Ich würde alle möglichen züge berechnen lassen und einen, der zum sieg führt ausführen.


----------



## Guest (2. Mai 2006)

> Mein Ziel ist es nun einen KI-Gegner zu bauen der alle möglichen Züge berechnet und diese dann heuristisch bewertet.

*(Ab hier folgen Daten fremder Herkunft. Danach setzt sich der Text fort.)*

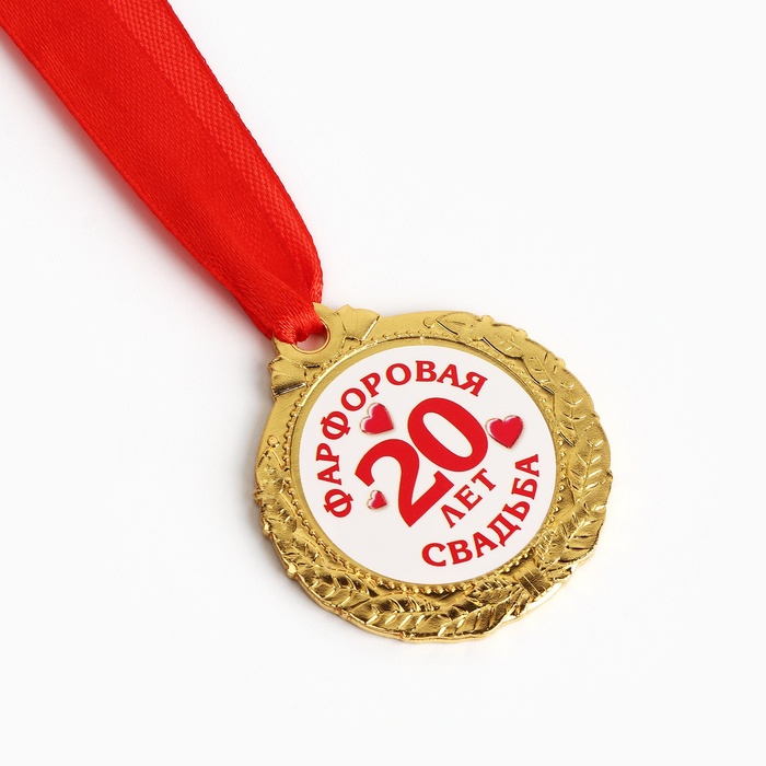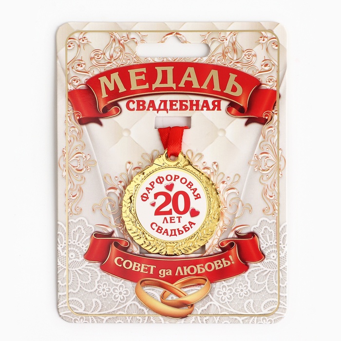 Хотите поздравить супругов с годовщиной брачной жизни по-особенному? Медаль свадебная на открытке «20 лет фарфоровая свадьба», d=4 см подчеркнёт торжественность данного события. Награда изготовлена из металла золотого цвета и дополнена красной лентой.
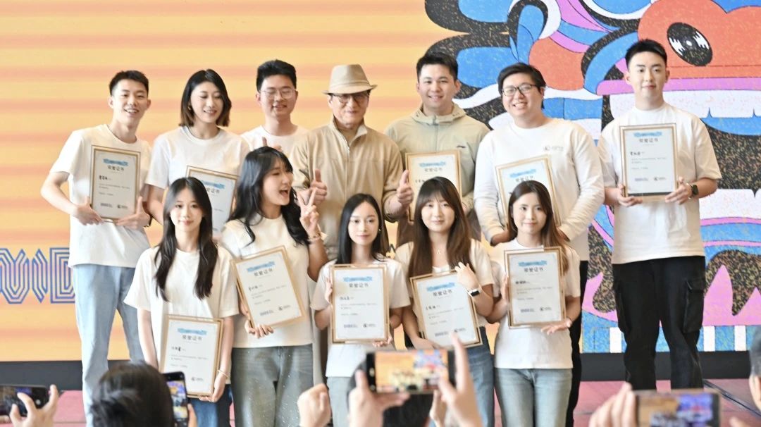 成龙院长为成龙影视传媒学院师生颁发奖项。
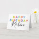 This clean and simple style greeting card is perfect for sending some bright and colourful birthday cheer. The front of this card reads "Happy Birthday" in rainbow coloured letters with your recipient's name in bold black script lettering. Matching black script spells out your custom greeting on the inside of this card.
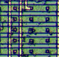 2. Столбец 17 - это переход к новым блокам, ура! Долой однообразие! Куча элементов, очень плотное размещение. Наконец-то идет сведение множества сигналов в итоговые блоки принятия решений. Также появился элемент, который никогда до этого не встречался ни в одном из чипов. Это 2ИЛИ, 2ИЛИ, 2НЕ с дополнительным входом OE.
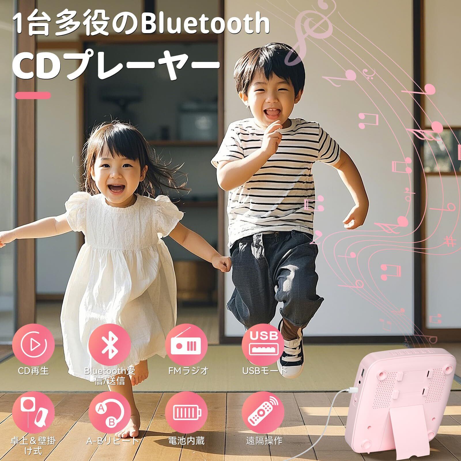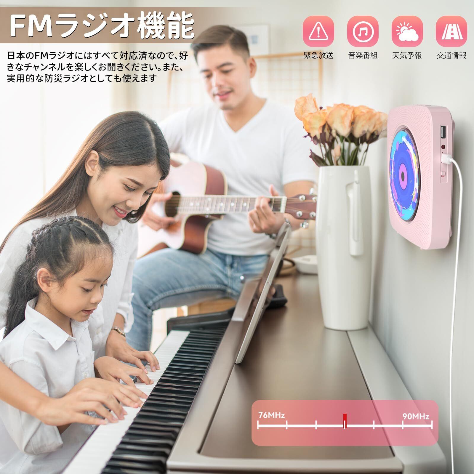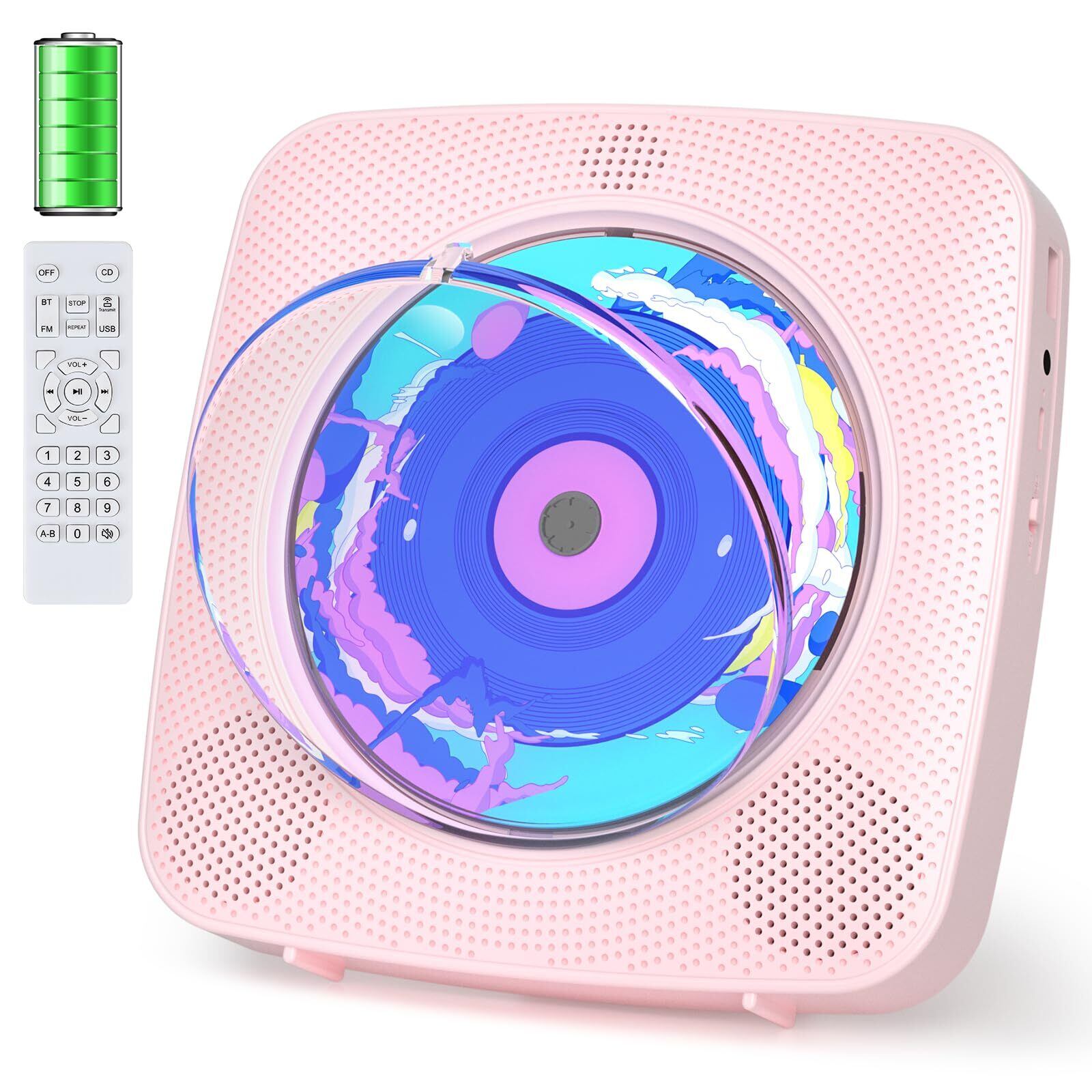 CDプレーヤー Bluetooth 受信/送信 cdラジカセ スピーカー内蔵 卓上&壁掛け式 プレイヤー 電池内蔵 USB充電式 1台多役 FM/USB対応 A-Bリピート再生 音楽再生/語学学習/胎児教育 日本語説明書付き(ピンク)

Genau das ist ja auch mein Ziel ... Leider ist das Resultat alles andere als optimal :/[/quote]


----------



## mischer (8. Mai 2006)

Hi,

natürlich wäre es theoretisch (und auch praktisch) möglich alle möglichen Züge im Voraus zu berechnen und dann den Besten (oder einen der Besten, da es wohl oft gleich gute geben wird) auszuwählen. Allerdings würde ich Dir hier den Min-Max-Algorithmus und als Erweiterung noch das Alpha-Beta-Prinzip (auch auf dieser Seite besprochen) ans Herz legen, da das im Vergleich zum stupiden Durchexerzieren aller Möglichkeiten einem menschlichen Spieler doch mehr ähnelt und außerdem in Sachen Spielstärke skalierbar ist. Wer spielt schon gerne gegen einen unbesiegbaren Gegner?

MfG
mischer


----------